Figures released earlier this month by the Cambodian Microfinance Association show non-performing loans rising from 1.75 percent at the end of the first quarter to 3.39 percent at the end of the second quarter.

Borrowers spoken to by the Post Friday confirmed the practice.

Pen Huch, 35, from Sdech Kong Khang Cheong commune in Kampot province's Banteay Meas district, said she had borrowed a total of $5,000 from three institutions - ACLEDA bank, MFI Amret and CHC Limited - with the intention of lending the money on at a higher rate of interest.

"Credit agents do not ask me what I will use the loan for, but they asked me if I have collateral," Pen Huch said.

A certificate recognising ownership of land could be bought from local authorities for 5,000 riels ($1.21), she said.

However, Pen Huch said she was cheated by the villagers she lent to and was now unable to repay the loan.

"Now I am completely in debt.

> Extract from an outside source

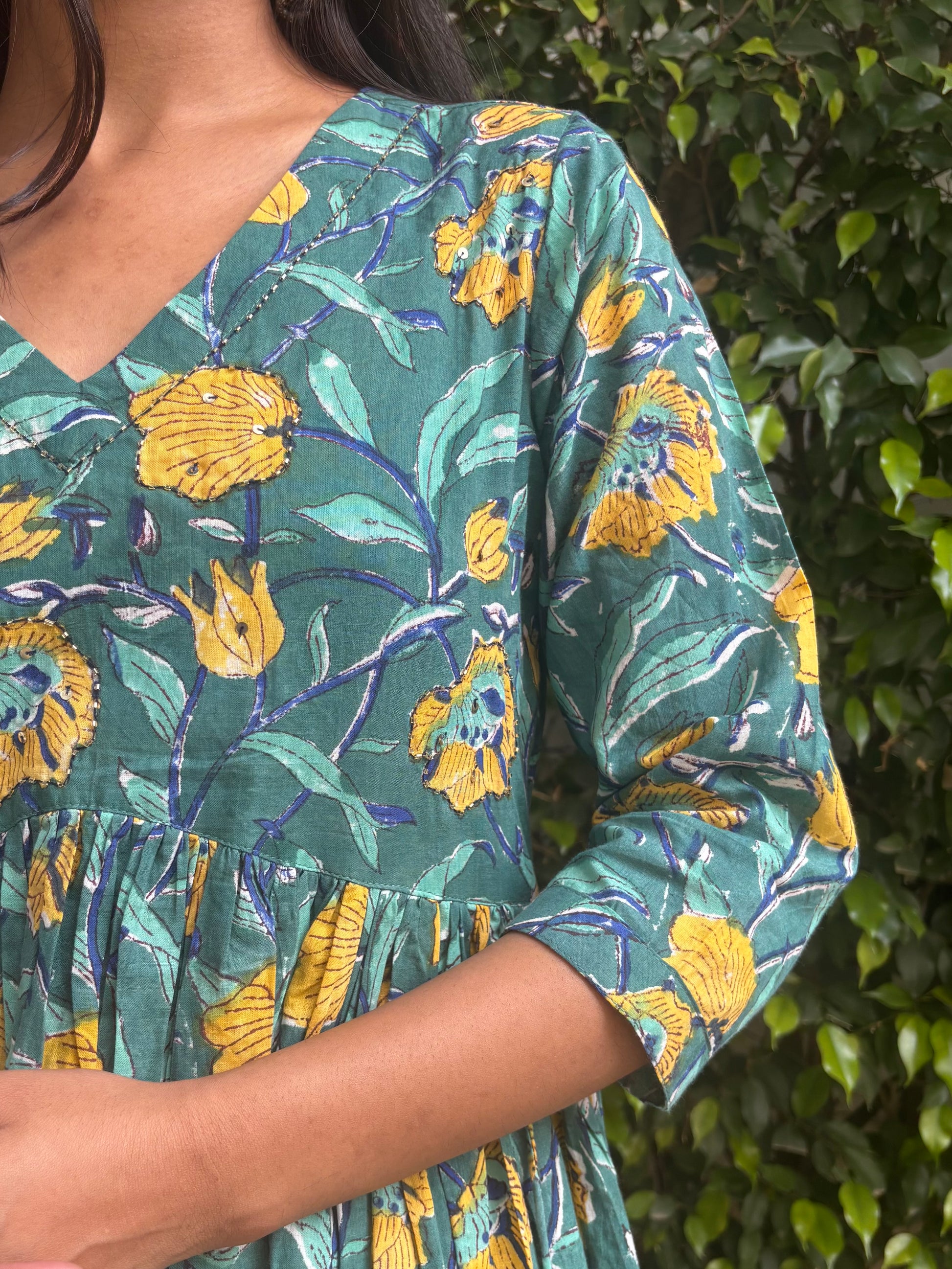 Green floral handblock printed cotton alia cut anarkali kurta with sequence details on the yoke.
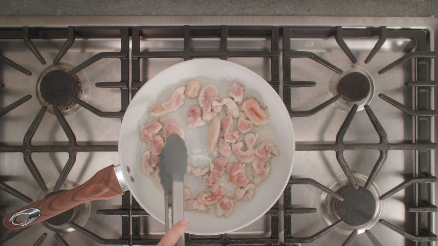 Heat oil in large skillet over medium heat. Add chicken and garlic; cook and stir 8 to 10 min. or until chicken is evenly browned.

I have sold my rice field to repay the debts, but it is still not enough."

She said she still owed $1,000 and alleged that the lenders were forcing her to sell her house to repay the debts or face court action.

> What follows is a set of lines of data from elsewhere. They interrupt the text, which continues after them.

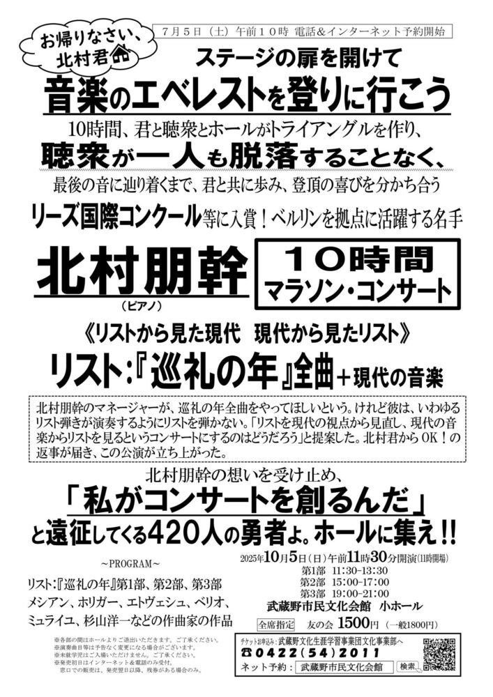 【第1部】11:30-13:30 F.リスト:≪旅人のアルバム≫S.156より 山の夕べ(エルンスト・クノップによる)-田園風夜想曲 O.メシアン:≪鳥のカタログ≫第1巻より 第1曲 キバシガラス(アルプスのチャフ) H.ホリガー:≪こどものひかり≫より 第5曲 黒と白のヨーデル重唱 休憩 F.リスト:巡礼の年第1年「スイス」S.160 【第2部】15:00-17:00 C.ドビュッシー:夜想曲 P.エトヴェシュ:地のクラヴィーア-天のクラヴィーア(ルチアーノ・ベリオの思い出に) L.ベリオ:セクエンツァIV 休憩 F.リスト:巡礼の年第2年「イタリア」S.161 【第3部】19:00-21:00 T.ミュライユ:告別の鐘と微笑み-オリヴィエ・メシアンの追憶に 杉山洋一:山への別れ (休憩) F.リスト:巡礼の年第3年 S.163
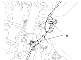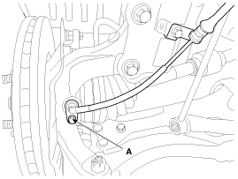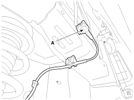 Отсоедините разъем датчика скорости переднего колеса (А).
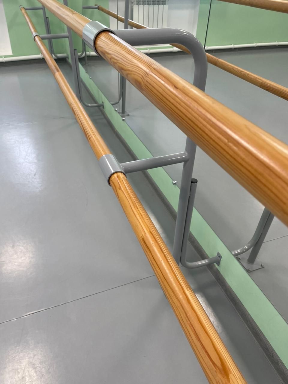 Балетные хореографические станки и комплектующие к ним жерди из бука и сосны, дуба а также металлические стойки и кронштейны.

Uk Chaim, 50, from the same commune, said she received six land ownership papers from the local authorities for her single piece of land and used them to borrow $4,000 from six creditors last year.

"I have sold my rice field to repay the debts, but now I still owe them about $1,000 and they are forcing me to sell my last property - the land where my house is - to repay the debts," she said.

"The future credit bureau will be definitely significant to prevent rates of NPL from going up," said Peter Sheerin, a credit bureau and risk management adviser at the International Finance Corporation (IFC), the private-sector financing arm of the World Bank.

The IFC has been providing technical support for 18 months but hopes the bureau could be established before 2011, he said. "Now, the major challenge is around having to change the law to provide a legislative framework to allow for the establishment of the credit bureau," Sheerin said, adding it would cost between $2 million and $3 million.

A priority on the legislative front is the creation of laws around handling confidential information, which Tal Nay Im said was critical to allow the bureau to keep track of the credit histories of borrowers.